Le petit monde de Sadie a été construit autour du respect des règles - et se taire en faisait partie. «Il n'y avait ni amour ni soutien», dit-elle. 'Nous n'avions pas le sentiment que nous n'avions nulle part où aller pour dire quoi que ce soit.'
Alors elle ne l’a pas fait.
Même le jour où la police s’est présentée à sa porte pour interroger le père de Sadie, alors âgé de 12 ans, au sujet de ses allégations de maltraitance sur ses filles.
Même le jour où, près de deux ans plus tard, Abner a été condamné par un juge de la cour de circuit à seulement cinq ans de probation.
Et même le jour où, à 14 ans, elle dit avoir été coincée dans le garde-manger par un de ses frères et violée sur l'évier, puis elle a ressenti un jaillissement et a vu du sang couler sur sa jambe, et nettoyée seule pendant qu'il s'éloignait , et a délicatement placé ses sous-vêtements dans un seau d'eau froide avant de retourner à ses corvées. Un ami l'a aidée à réaliser des années plus tard: lors d'un viol, elle avait probablement fait une fausse couche.

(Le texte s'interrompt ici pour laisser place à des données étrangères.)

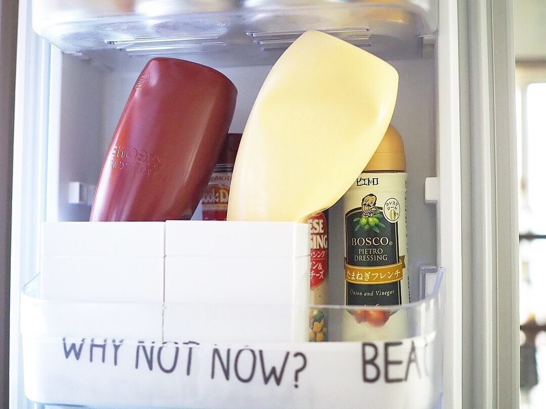 冷蔵庫のドアポケット部分にマヨネーズやケチャップのボトルを立てておくと、冷蔵庫の開閉時にバタバタ倒れてしまうプチストレス。

AlamyIl n'y a pas qu'une seule raison à la crise des abus sexuels dans le pays amish. Au lieu de cela, il y a une tempête parfaite de facteurs: un mode de vie patriarcal et isolé dans lequel les victimes sont peu exposées à la police, aux entraîneurs ou à toute autre personne qui pourrait les aider; un système éducatif qui se termine à la huitième année et n'enseigne pas aux enfants le sexe ou leur corps; une culture de la honte et du blâme des victimes; un accès limité à la technologie qui permet la communication ou une conscience sociale plus large; et une religion qui donne la priorité à la repentance et au pardon par rapport à la punition ou à la réhabilitation. Les dirigeants amish ont également tendance à se méfier des forces de l'ordre, préférant gérer les différends par eux-mêmes.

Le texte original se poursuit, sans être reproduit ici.